SOME of these impressions are of working sites, others show Newport in conflict while others show visions of tranquility.
Art has also been used to imagine how Newport may have looked, when the brush has been the clearest way to evoke views of long ago.
The Newport ship features in two pictures.
One was commissioned by the Friends of the Newport Ship from one of the UK’s leading marine artists, Peter Power.
Another, by artist Anne Leave is of Newport at the time of the medieval ship with help from historian Bob Trett.
The view shows a wooden bridge over the river and moored where the town wall meets the Usk is a familiar-looking medieval ship.
The picture The Home Front by Stanley Lewis from 1940 depicts the civil and volunteer services who defended Newport during the Second World War.
The Monmouthshire Canal at Newport by Joseph Walter is in the collection of Newport Museum and Art Gallery.
The painting from around 1850 depicts people crossing the canal at Newport carrying loads to waiting ships on the Usk.

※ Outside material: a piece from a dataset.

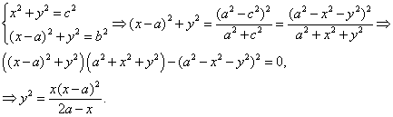 Terminaremos hallando la ecuación de la curva obtenida. Para ello consideramos a B como origen de coordenadas y a BC como eje x. Entonces, B=(0, 0) y C=(a, 0). Si A=(x, y) entonces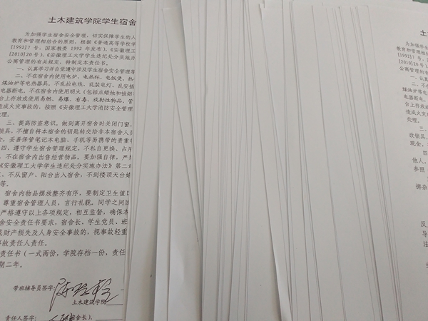 9月25日,各年级辅导员对各宿舍进行了大走访,对新生进行了学生手册里有关宿舍管理规定的相关宣传和讲解,积极关心学生的思想、学习、生活,深入了解把握学生的思想动态,正确引导学生特别是新生合理安排假期生活,并监督和指导新生填写学生安全责任书。通过宿舍走访,学院把工作落实到每一间宿舍、每一位学生,认真查找安全方面的漏洞或事故隐患,梳理存在的突出问题,采取有效措施,迅速解决安全隐患,确保学生安全度过快乐、充实的假期。

A drawing by Argus writer Fred Hando shows the canal at Allt-yr-Yn serenely flowing beneath a stone bridge.
The woodcut of the massacre of Chartist protestors outside the Westgate Hotel provides a chilling contrast.
A picture of wartime still manages to produce a tranquil scene. Balloon Barrage, Newport by George Robert William Phillis shows a peaceful looking Newport, with the balloons looming protectively above the town.
The ferocity of war seems a world away.